[Items listed in a dataset]
━━━

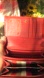 Elegant red leather wallet. Features multiple card slots. Vibrant interior with various colors. y2k
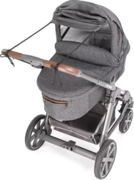 Kummiäär kapuutsi peale ja stopperitega nöörid võimaldavad varju hõlpsalt kinnitada enamikele kärudele ning kohandada vastavalt oludele.
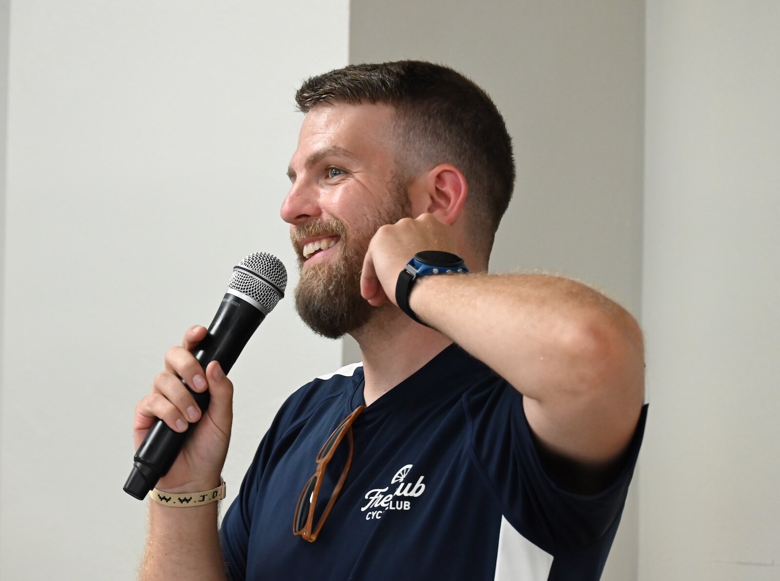 Colin Sherfield, Youth and Outreach Pastor at the Battle Creek Community Church, talks to members of the Freehub Cycle Club.
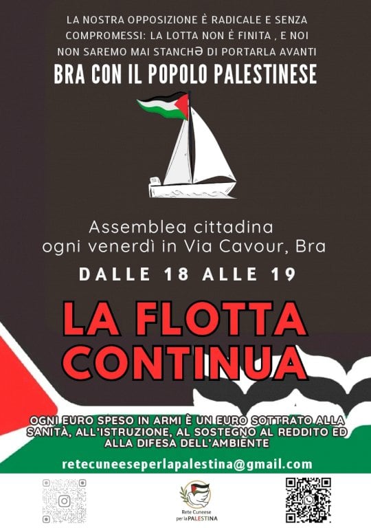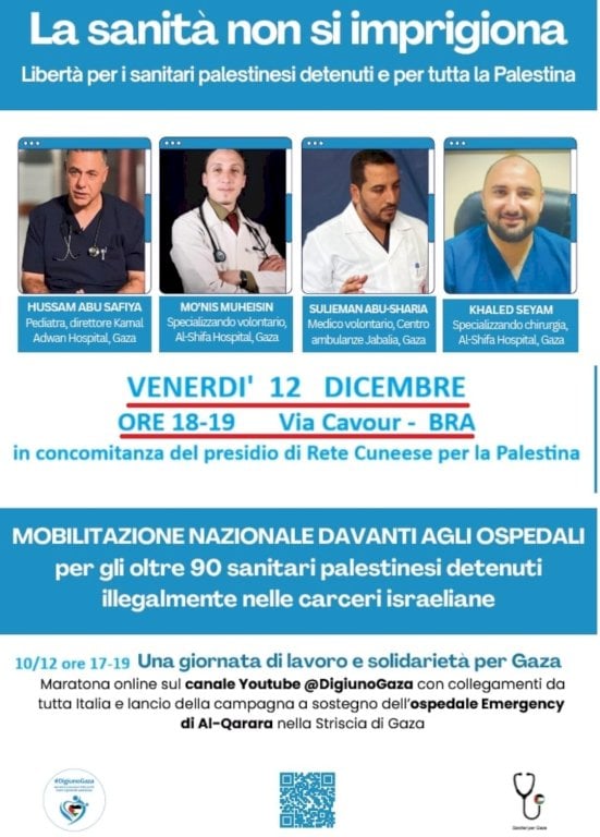 La Rete Cuneese per la Palestina si unisce all’iniziativa organizzata per chiedere la liberazione degli oltre novanta sanitari palestinesi detenuti nelle carceri israelianeLa Rete Cuneese per la Palestina a Bra si unisce, durante il presidio permanente settimanale, venerdì 12 dicembre dalle 18 alle 19 in via Cavour, ai flash-mob per la Giornata nazionale e internazionale di mobilitazione “La sanità non si imprigiona”, promossa dalle reti #DigiunoGaza e Sanitari per Gaza 10 dicembre, flash mob in oltre 50 ospedali - #DigiunoGaza per chiedere la liberazione degli oltre novanta sanitari palestinesi illegalmente detenuti nelle carceri israeliane.
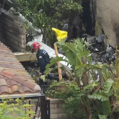 시미 밸리 주택가 한복판으로 소형 비행기 추락 , 2 명 숨져

━━━

What is needed =>
Take every entry above and transcribe it exactly, with no pictures in the copy.

Written response =>
 Elegant red leather wallet. Features multiple card slots. Vibrant interior with various colors. y2k
 Kummiäär kapuutsi peale ja stopperitega nöörid võimaldavad varju hõlpsalt kinnitada enamikele kärudele ning kohandada vastavalt oludele.
 Colin Sherfield, Youth and Outreach Pastor at the Battle Creek Community Church, talks to members of the Freehub Cycle Club.
 La Rete Cuneese per la Palestina si unisce all’iniziativa organizzata per chiedere la liberazione degli oltre novanta sanitari palestinesi detenuti nelle carceri israelianeLa Rete Cuneese per la Palestina a Bra si unisce, durante il presidio permanente settimanale, venerdì 12 dicembre dalle 18 alle 19 in via Cavour, ai flash-mob per la Giornata nazionale e internazionale di mobilitazione “La sanità non si imprigiona”, promossa dalle reti #DigiunoGaza e Sanitari per Gaza 10 dicembre, flash mob in oltre 50 ospedali - #DigiunoGaza per chiedere la liberazione degli oltre novanta sanitari palestinesi illegalmente detenuti nelle carceri israeliane.
 시미 밸리 주택가 한복판으로 소형 비행기 추락 , 2 명 숨져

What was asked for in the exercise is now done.